Over time, Neoptolemos develops into a model hero for young men, just as the daughters of Erechtheus do for young women. In fact, the very name Neoptolemos means “young warrior” or “recruit.” And like other heroes encountered in this chapter, he acquires a second name:
Pyrrhos.
129
This means “fire” and further links Neoptolemos to the fire of Apollo’s
altar, just meters from his tomb. Importantly, the name also connects him with
Pyrrha, wife of the Athenian
king Deukalion. The chest in which Pyrrha and Deukalion took refuge during the great flood, in fact, came to rest atop
Mount Parnassos, just above Delphi. The name Pyrrhos thus associates Neoptolemos with the Athenian royal family and may help to explain why the Akanthos Column and its dancing Erechtheids were placed so close to the hero’s shrine (
this page
).

Two key memorials were thus intentionally juxtaposed at Delphi. One commemorated the archetypal young warrior: bold, ruthless, and “fiery.” The other celebrated the archetypal maidens: graceful, elegant, yet no less brave and tenacious in giving their lives to save their city. Indeed, both male and female role models were required in the education of young citizens, in shaping a common
knowledge for appropriate gendered behavior, both steeped in valor and patriotism. In the shadow of Apollo’s temple and in the light of its eternal altar fire, youths and maidens sang, danced, and sacrificed. The shrine of Neoptolemos-Pyrrhos and the column of the dancing Erechtheids above it served as a key destination for young pilgrims at Delphi, especially those from Athens, a place where they performed special rites of initiation and reinforced their identities as Athenians in full view of all.

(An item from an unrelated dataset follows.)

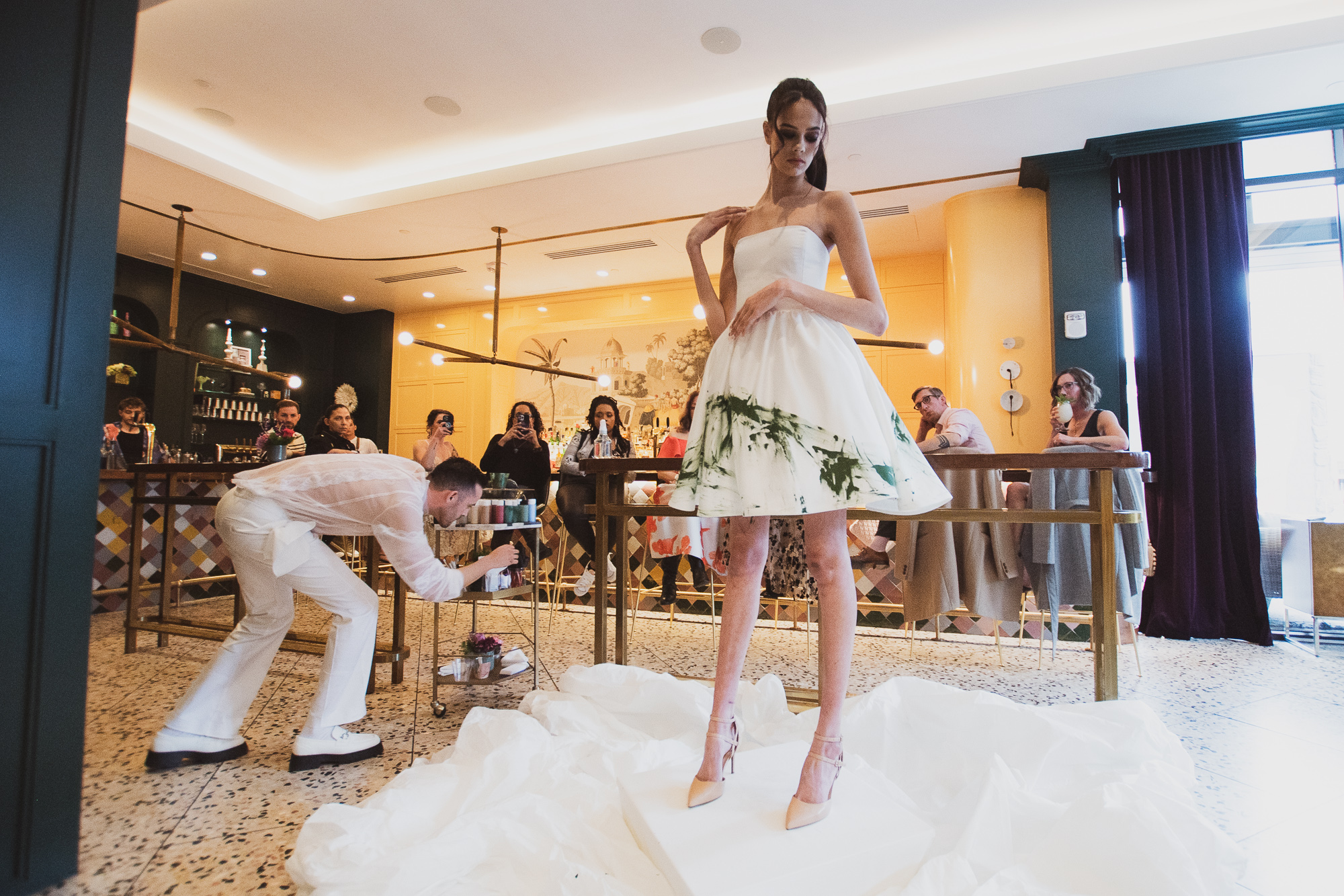 Gaeta intersected art and fashion through an immersive runway experience held at Room For Milly on April 24. With the help of event coordinator and Mainspring Brand Experience Manager Phil Hua-Pham, this event was far from any ordinary runway experience. Gaeta immersed himself in his designs to create three beautiful pieces.

YOUTHS AND MAIDENS PERFORMED THESE
rites in preparation for their future lives in which war,
death, and remembrance would figure so centrally. These forces were as powerful in the shaping of the youthful psyche as in the formation of Greek sacred spaces and the monuments that filled them. As festive and joyful as the atmosphere of holy shrines might have been, energized with processions, singing, dancing, and other spectacles, we must remember the darkness that otherwise
overhung daily life: the darkness of incessant warfare and of primordial self-sacrifice, both of which made that life possible. The aching
memory of lives lost by every single family who entered the holy precinct was carried with them up the Sacred Way.

What Athenian paideia was ultimately trying to teach was
courage. For courage was essential to survival in the brutal world that was Greek antiquity. Athenians spent two out of every three years at war during most of the fifth century. It has been argued that in this war making, Athenians understood more clearly what they were doing than others of their time.
130
For democracy fostered free speech, deliberation, and forethought, all of which clarified the reasons for one’s actions. From this, the revolutionary ideal of self-sacrifice for a greater good was born. Piety, paideia, and ritual tradition fueled the bravery needed to sustain this ideal. And it is this courage that enabled Athenians, old and young alike, to face the enormous challenges that winning and defending democracy so urgently required.